Definition and diagnosis. Based on the holotype female, Stefania upuigmae sp. nov. is characterized by the following morphological characters, the combination of which distinguishes it from all known congeners: (1) a small species of Stefania, SVL of the preserved adult holotype female 53.1 mm; (2) head not distinctly longer than wide, about as wide as long; (3) canthus rostralis angular, slightly concave in dorsal view (almost straight), tuberculate, 1–3 distinctly enlarged canthal tubercles that project dorsolaterally, canthal stripe present in life; (4) loreal region with a few low tubercles; (5) upper eyelid smooth; (6) frontoparietal ridges present but low and barely visible (both in life and in preservative); (7) frontoparietal crests barely developed (on cranium); (8) no distinct constriction of the frontoparietal bones at the level of the anterior epiotic eminence; (9) exostosis on the cranium highly reduced and barely visible; (10) premaxillae slightly projecting posteriorly in lateral view; 11) posterodorsal projection of maxilla absent; 12) maxillary process of the nasal not in contact with the maxilla; 13) horizontal length of tympanum more than 50% horizontal length of eye; 14) vomerine teeth 1–4; 15) toes basally webbed; 16) dorsal skin (in life) tuberculate; 17) ventral skin (in life) granular; 18) presence of a conspicuous/enlarged outer tarsal tubercle; 19) absence of multiple conspicuous dark brown bars on flanks and lips, absence of white dorsolateral stripes (in life); 20) in life, iris unicolour, medium brown/copper, with extensive dark brown reticulations.

Stefania upuigmae sp. nov. is further distinguished from the other described species in the S. ginesi clade as follows:

From Stefania ginesi principally by the colour of the iris (greyish blue in S. ginesi vs. medium brown/copper in S. upuigmae sp. nov.); by the size and number of tubercles on the dorsum, flanks, and limbs (distinctly larger and more numerous in S. ginesi); by a more angular canthus rostralis (less defined in S. ginesi); and by the size of tubercles on the canthus rostralis and upper eyelid (larger in S. ginesi).

From Stefania imawari sp. nov. principally by a heavily mottled belly (vs. no mottling in S. imawari sp. nov.); by a unicolour iris in life (vs. faintly bicolour in S. imawari sp. nov.); by the presence of enlarged supernumerary plantar tubercles and an enlarged outer metatarsal tubercle (not enlarged in S. imawari sp. nov.); by the size of the choanae (distinctly larger in S. upuigmae); and by the size of the odontophores and the number of vomerine teeth (odontophores distinctly shorter with much less teeth in the holotype of S. upuigmae sp. nov.).

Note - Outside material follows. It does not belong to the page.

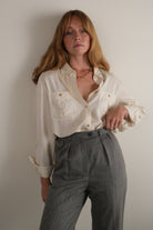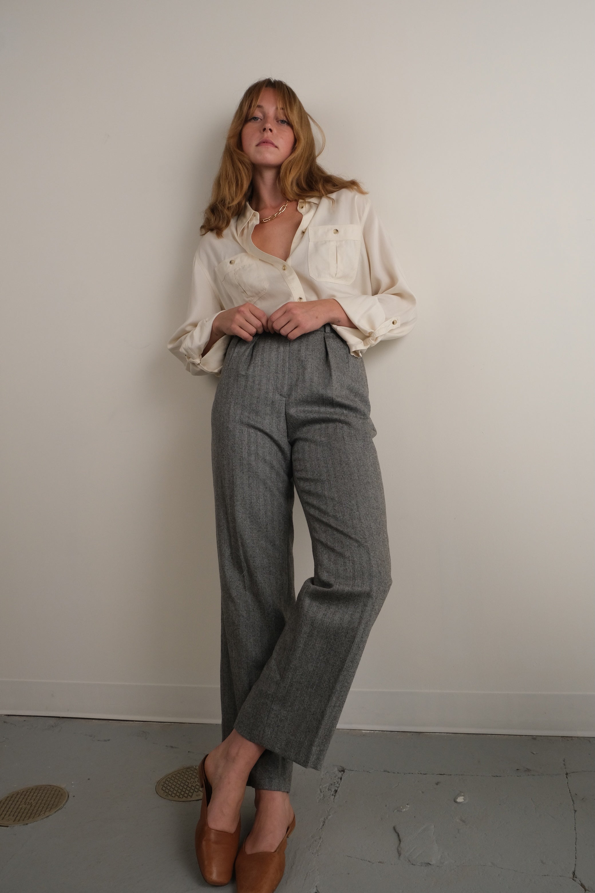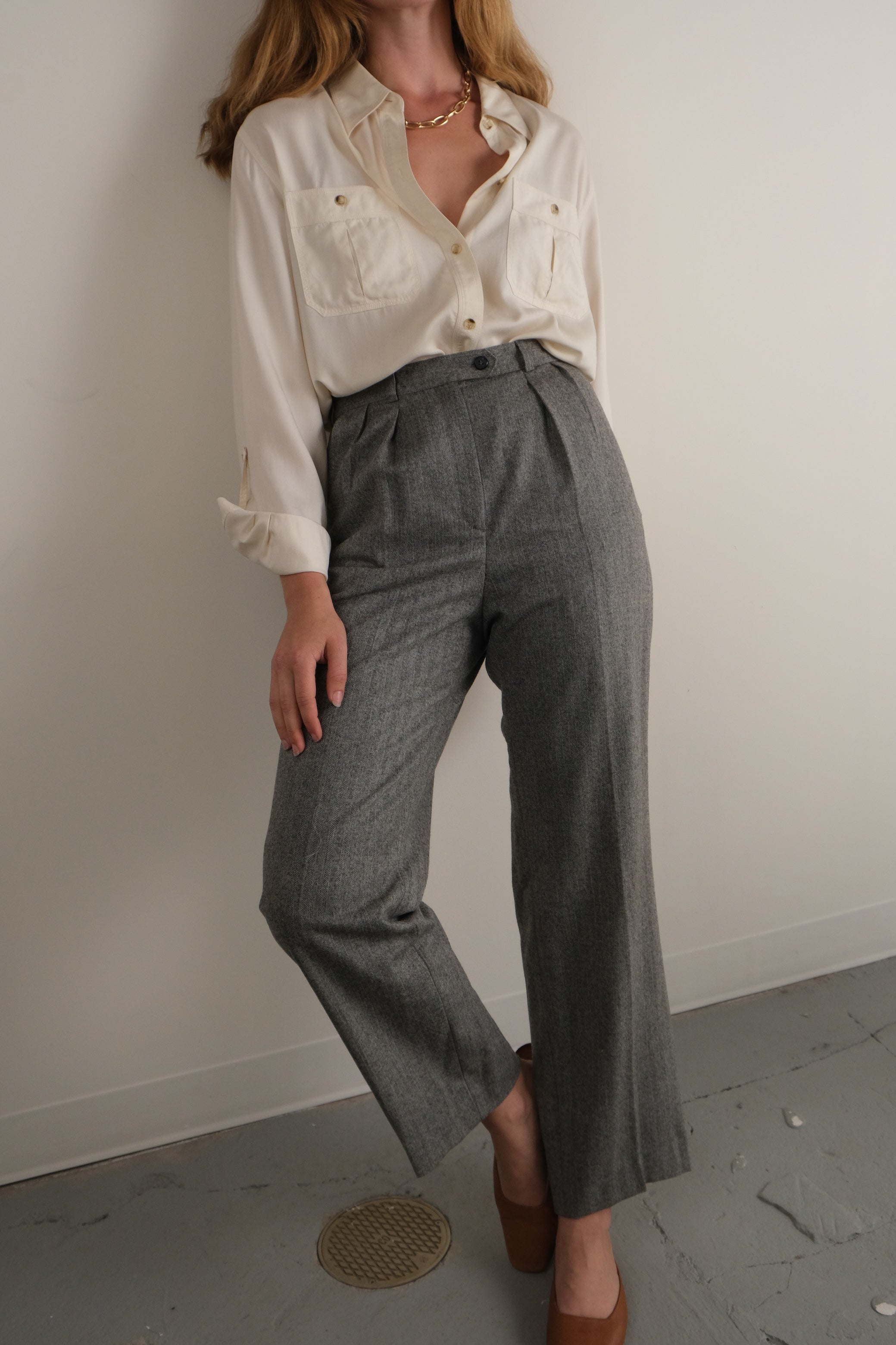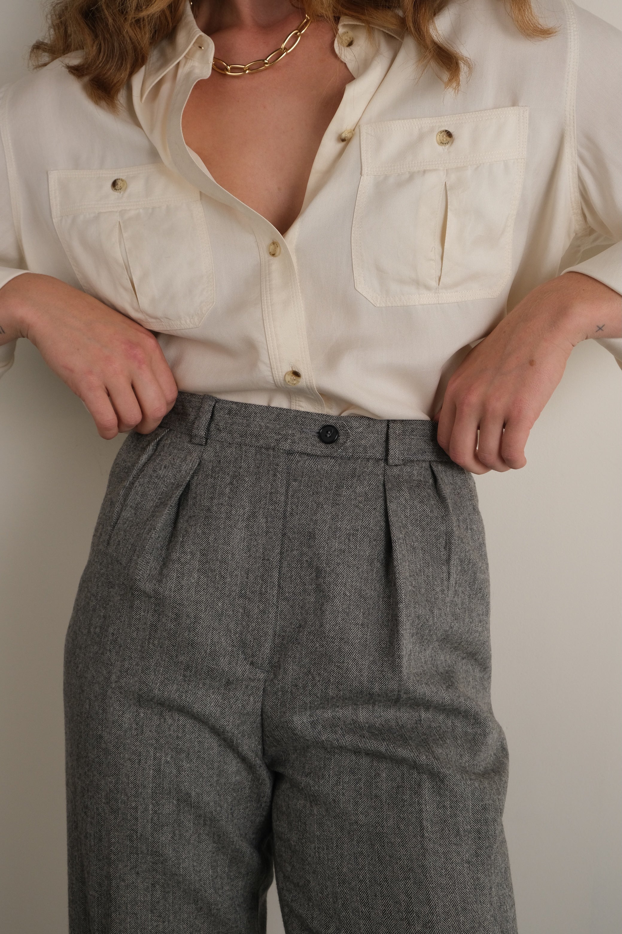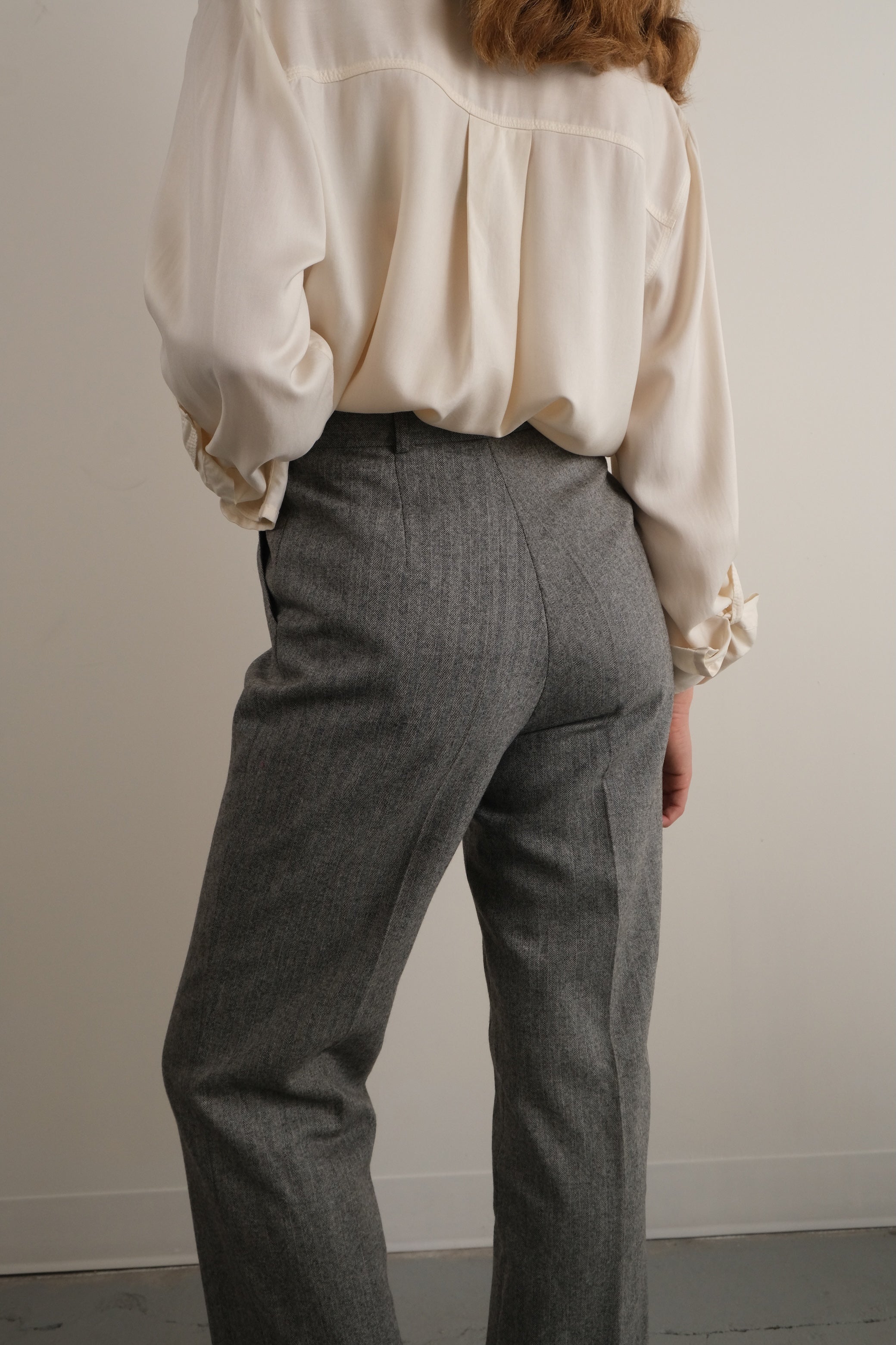 Vintage 80s Stone Merino Wool Herringbone Trousers

From Stefania lathropae mostly by the absence of white dorsolateral stripes (always present, even if sometimes short, in S. lathropae). A notable potential osteological diagnostic character is the length of the postchoanal process of the vomer (long and reaching the neopalatine in S. lathropae vs. short in S. upuigmae sp. nov.).

From Stefania satelles mostly by the condition of the frontoparietal crests (moderately developed and distinctly projecting dorsolaterally in S. satelles vs. barely developed in S. upuigmae sp. nov.); and by the shape of the snout in lateral view (sloping from below the nostrils in S. satelles vs. sloping from the nostrils in S. upuigmae sp. nov.).

Description of the holotype. An adult female 53.1 mm SVL (Figs. 11, 12 and 13), in good condition except for long incisions made during tissue sampling (left thigh) and during the examination of internal organs (left side of the abdomen). Head slightly wider than long, wider than neck. Snout rounded in dorsal and lateral views, slightly mucronate in dorsal view, ca. 1.5 times the horizontal length of eye. Eye–nostril distance ca. 1.1 times the horizontal length of eye, more than three times the distance between the nostril and the tip of the snout. Canthus rostralis angular, slightly concave in dorsal view (almost straight), sloping; lips flared. Nostrils protuberant, directed anterolaterally. Internarial distance almost 70% of interorbital distance. Internarial region concave. Interorbital distance slightly shorter than upper eyelid width. Frontoparietal ridges are low and barely visible. Temporal region slightly bulged. Tympanum distinct, large, round, directed posterolaterally, 73% of horizontal length of eye, separated from eye by ca. 58% of horizontal length of eye. Supratympanic fold prominent, extending from posterior corner of eye to above insertion of forelimb, obscuring upper margin of tympanum.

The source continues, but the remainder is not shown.